• [DATASET EXCERPTS]
####################

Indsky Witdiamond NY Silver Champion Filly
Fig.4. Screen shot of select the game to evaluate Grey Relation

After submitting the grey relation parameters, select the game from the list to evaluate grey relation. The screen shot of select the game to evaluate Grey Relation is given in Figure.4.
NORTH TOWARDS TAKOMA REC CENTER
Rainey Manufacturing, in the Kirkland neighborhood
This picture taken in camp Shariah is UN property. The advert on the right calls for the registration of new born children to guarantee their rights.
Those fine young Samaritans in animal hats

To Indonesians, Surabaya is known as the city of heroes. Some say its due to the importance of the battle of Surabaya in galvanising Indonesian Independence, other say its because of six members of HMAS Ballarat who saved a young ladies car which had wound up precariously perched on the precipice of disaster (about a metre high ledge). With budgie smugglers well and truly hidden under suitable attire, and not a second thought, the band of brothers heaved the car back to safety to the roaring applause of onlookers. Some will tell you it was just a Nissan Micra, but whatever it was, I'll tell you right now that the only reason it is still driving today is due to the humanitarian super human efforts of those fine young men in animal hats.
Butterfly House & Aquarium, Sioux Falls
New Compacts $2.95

####################

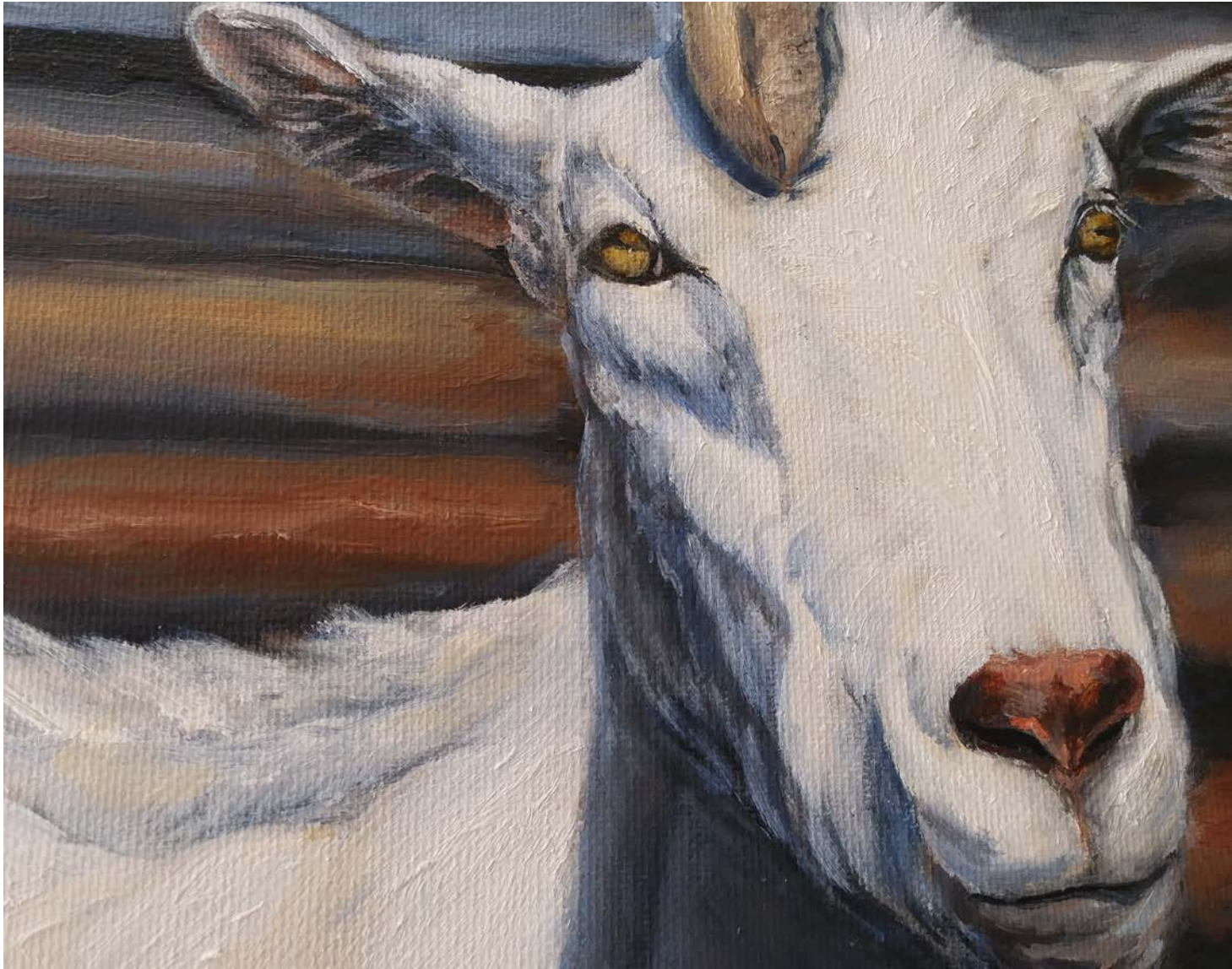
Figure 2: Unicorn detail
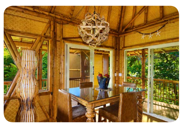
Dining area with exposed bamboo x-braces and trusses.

####################

• [EXERCISE BRIEF] How many of the lines above hold the word "Figure"? State that number and nothing else.

• [WRITTEN SOLUTION] 2